German yields were near their highest since mid-October after the Federal Reserve announced it would scale back asset-purchases last week and investors would turn to a personal consumption report to gauge the pace of stimulus withdrawal.
After the Italian and Spanish premium over 10-year German Bunds fell by more than 50 and 100 basis points respectively this year, investors were taking some profits as they balanced their books into the end of the year.
"In a thin market, the data might be enough to take bond prices lower," Lyn Graham-Taylor, fixed income strategist at Rabobank said.
Italy's consumer confidence index fell to 96.2 in December from a revised 98.2 in November and well below a median forecast of 98.8 in a Reuters survey.
Ten-year Italian bond yields were up 4.5 basis points at 4.17 percent pushing the premium over Bunds 2 basis points wider on the day to 228 bps.
The Spanish equivalent was 5.1 bps higher at 4.2 percent, pushing the yield gap with German Bunds 4 bps higher to 232 bps.
The Italian Treasury said on Friday it would offer 8 billion euros of Treasury bills and up to 3 billion euros of zero-coupon bonds at its regular end-month auction on Dec. 27.
It also said it would sell more retail bonds, known as BTP Italia, in 2014 due to the enormous success of this year's auctions.
German yields continued to be supported by an improving U.S. outlook. The International Monetary Fund predicts the U.S. economy would expand at a faster pace next year, given positive economic data and some signs of compromise in Congress, the head of the Washington-based lender said on Sunday.

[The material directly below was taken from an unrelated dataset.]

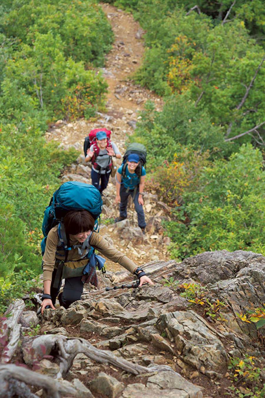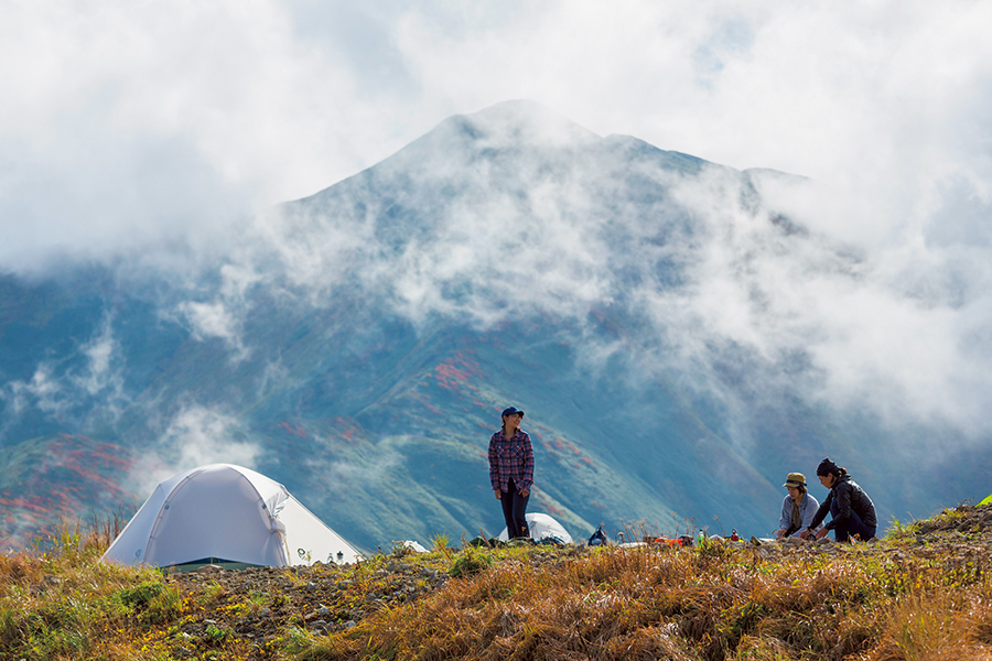夏山登山のにぎわいから落ち着きを取り戻し、山は木々が真っ赤に燃える紅葉シーズンへ。東北屈指の長い稜線をたどる、あこがれの飯豊連峰は想像を超えるような静寂に包まれていた。テントを担ぎ健脚女子がゆく、赤く熱い縦走旅のはじまりはじまり。

The comments come after an upward revision to U.S. growth data on Friday underpinned the view that the Fed's decision to scale back its asset-buying programme was justified.
Against this backdrop, investors would look at a U.S. personal consumption data later, including a gauge of inflation, to assess the pace of stimulus withdrawal.

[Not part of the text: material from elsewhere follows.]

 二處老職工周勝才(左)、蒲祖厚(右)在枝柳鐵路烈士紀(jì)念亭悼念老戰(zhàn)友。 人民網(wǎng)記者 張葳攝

"You would expect to see some upward pressure on German yields if we were to continue to see surprises such as (the growth data) coming from the U.S.," Chris Clark, rates strategist at ICAP, said.
"The market is expecting a fairly robust personal income report. This would tie into the generally upbeat picture that we have been seeing in the U.S. recently."
German Bund futures fell 20 ticks to 139.72, pushing yields up 1.9 basis point to 1.89 percent.
They touched 1.903 percent earlier - not far from Friday's 1.906 percent, which was the highest since mid-October.
"We are at about 15-20 percent of normal volumes," one trader said.